■ **The data**
_ _ _
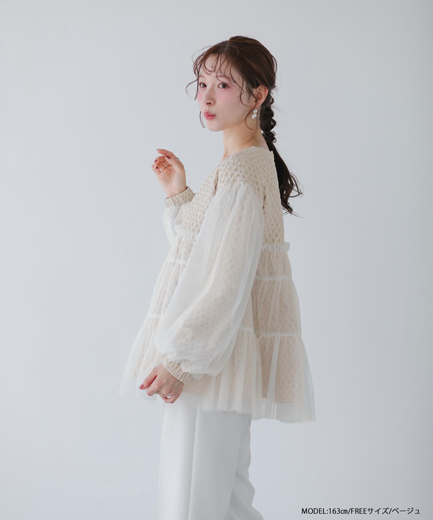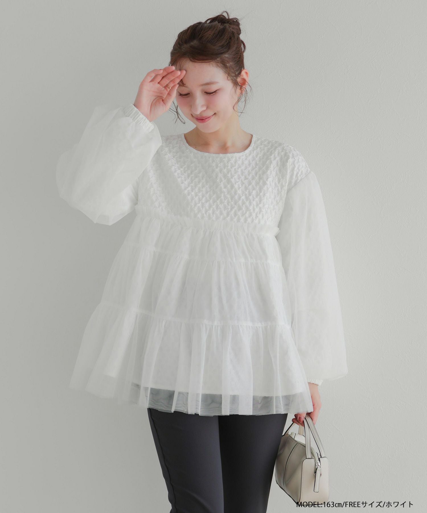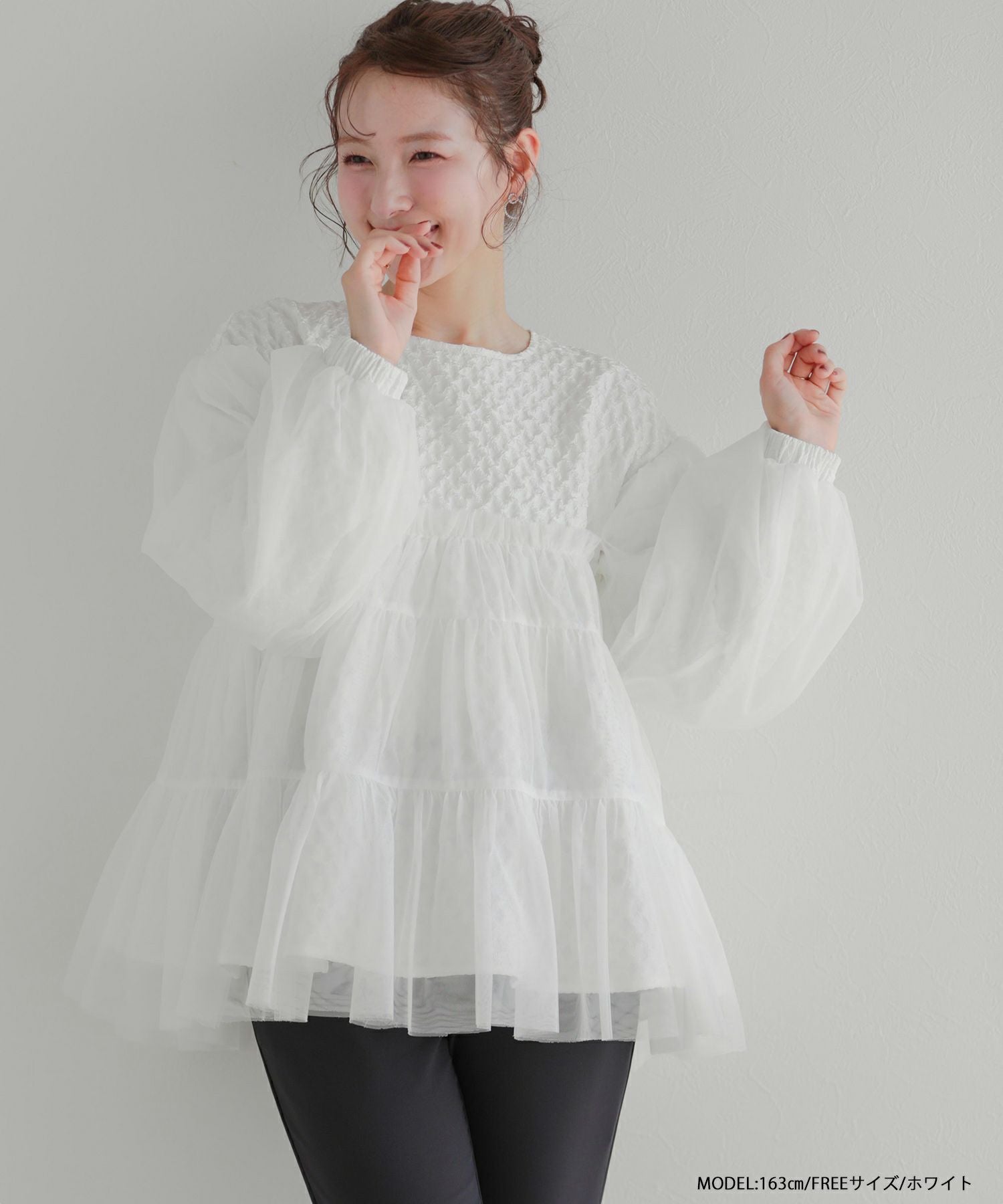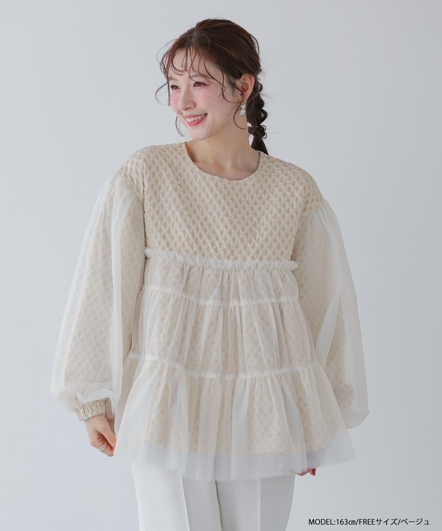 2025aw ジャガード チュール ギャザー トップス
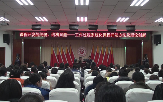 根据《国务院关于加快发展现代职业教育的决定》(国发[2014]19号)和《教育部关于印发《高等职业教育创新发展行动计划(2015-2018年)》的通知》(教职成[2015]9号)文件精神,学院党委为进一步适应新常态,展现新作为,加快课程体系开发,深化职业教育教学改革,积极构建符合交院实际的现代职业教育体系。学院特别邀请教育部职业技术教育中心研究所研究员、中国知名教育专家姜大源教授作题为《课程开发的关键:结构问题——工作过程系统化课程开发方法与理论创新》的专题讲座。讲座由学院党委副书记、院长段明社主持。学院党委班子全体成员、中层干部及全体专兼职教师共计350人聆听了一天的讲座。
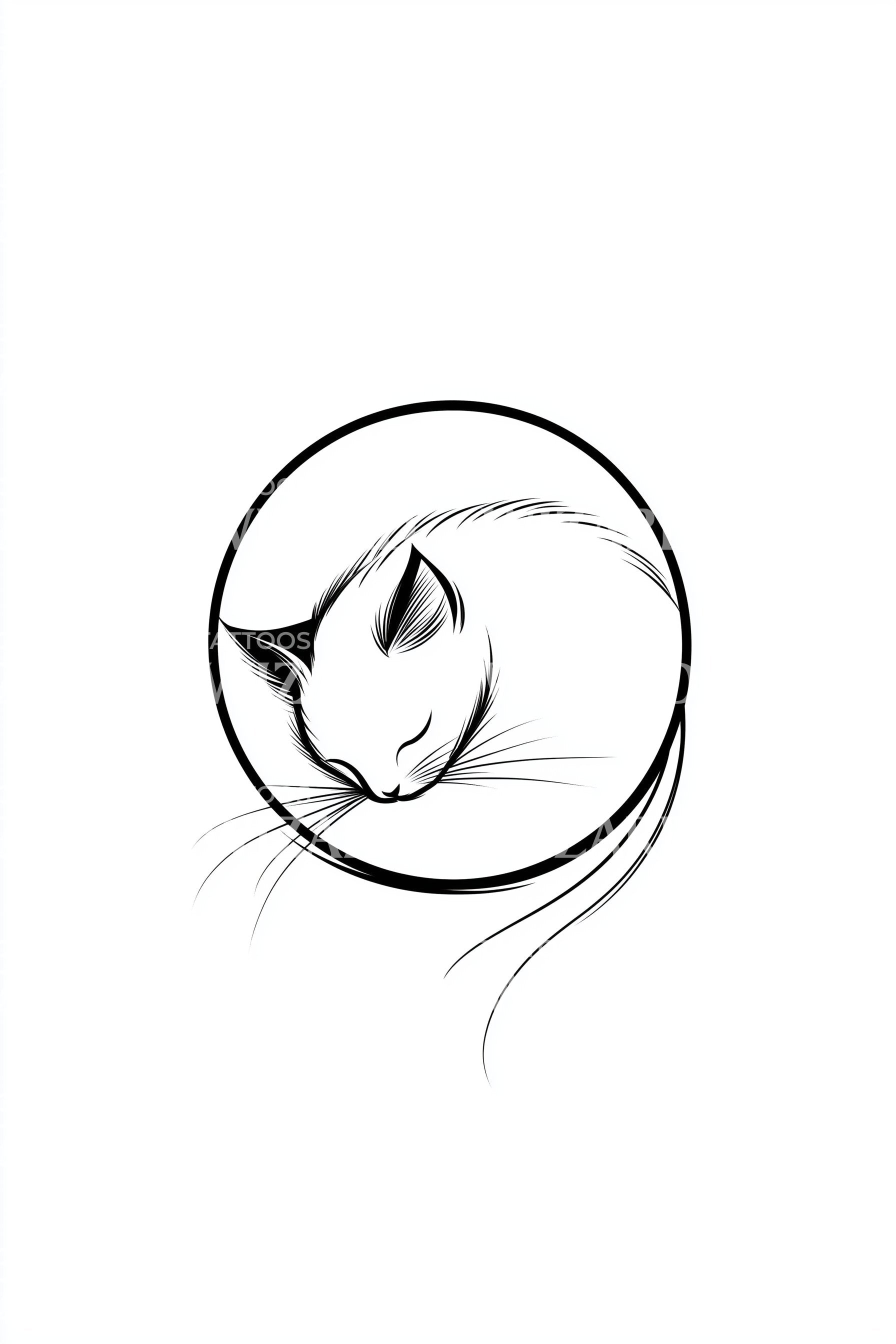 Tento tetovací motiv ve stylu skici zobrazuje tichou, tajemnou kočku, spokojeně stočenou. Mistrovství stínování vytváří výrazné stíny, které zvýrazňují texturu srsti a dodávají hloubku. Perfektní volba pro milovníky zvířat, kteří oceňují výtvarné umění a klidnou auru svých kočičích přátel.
_ _ _
■ **Action item**
Every line of the data should be copied as it stands, without the images.

■ **Solution to the exercise**
 2025aw ジャガード チュール ギャザー トップス
 根据《国务院关于加快发展现代职业教育的决定》(国发[2014]19号)和《教育部关于印发《高等职业教育创新发展行动计划(2015-2018年)》的通知》(教职成[2015]9号)文件精神,学院党委为进一步适应新常态,展现新作为,加快课程体系开发,深化职业教育教学改革,积极构建符合交院实际的现代职业教育体系。学院特别邀请教育部职业技术教育中心研究所研究员、中国知名教育专家姜大源教授作题为《课程开发的关键:结构问题——工作过程系统化课程开发方法与理论创新》的专题讲座。讲座由学院党委副书记、院长段明社主持。学院党委班子全体成员、中层干部及全体专兼职教师共计350人聆听了一天的讲座。
 Tento tetovací motiv ve stylu skici zobrazuje tichou, tajemnou kočku, spokojeně stočenou. Mistrovství stínování vytváří výrazné stíny, které zvýrazňují texturu srsti a dodávají hloubku. Perfektní volba pro milovníky zvířat, kteří oceňují výtvarné umění a klidnou auru svých kočičích přátel.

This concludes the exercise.